## Activity
The material below should be copied line for line, please, with pictures omitted.

## Data section
# # # # # # #

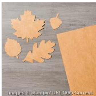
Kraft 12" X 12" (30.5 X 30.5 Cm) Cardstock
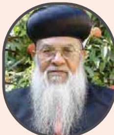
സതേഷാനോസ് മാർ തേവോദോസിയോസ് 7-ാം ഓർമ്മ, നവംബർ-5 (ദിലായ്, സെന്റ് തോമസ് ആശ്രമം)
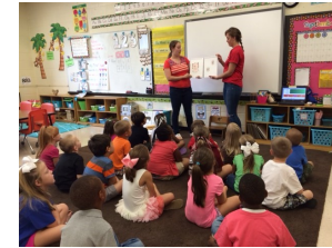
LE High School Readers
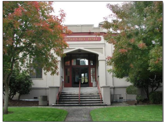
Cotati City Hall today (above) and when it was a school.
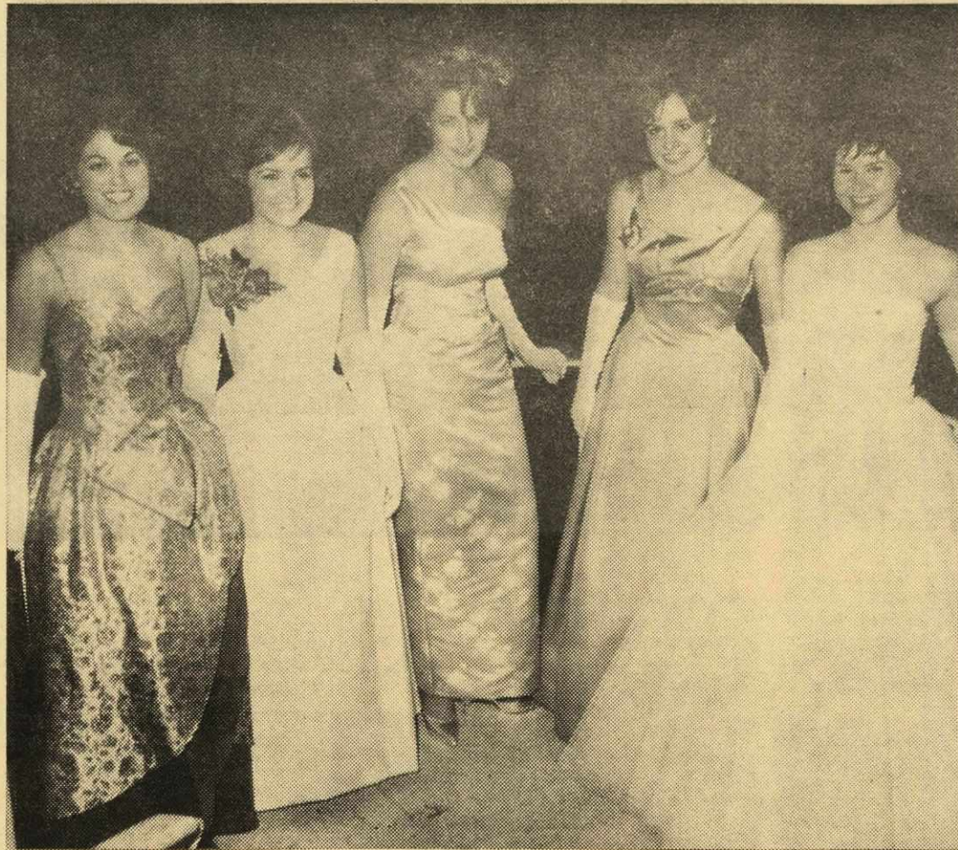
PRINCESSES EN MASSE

# # # # # # #

## Output for this task
Kraft 12" X 12" (30.5 X 30.5 Cm) Cardstock
സതേഷാനോസ് മാർ തേവോദോസിയോസ് 7-ാം ഓർമ്മ, നവംബർ-5 (ദിലായ്, സെന്റ് തോമസ് ആശ്രമം)
LE High School Readers
Cotati City Hall today (above) and when it was a school.
PRINCESSES EN MASSE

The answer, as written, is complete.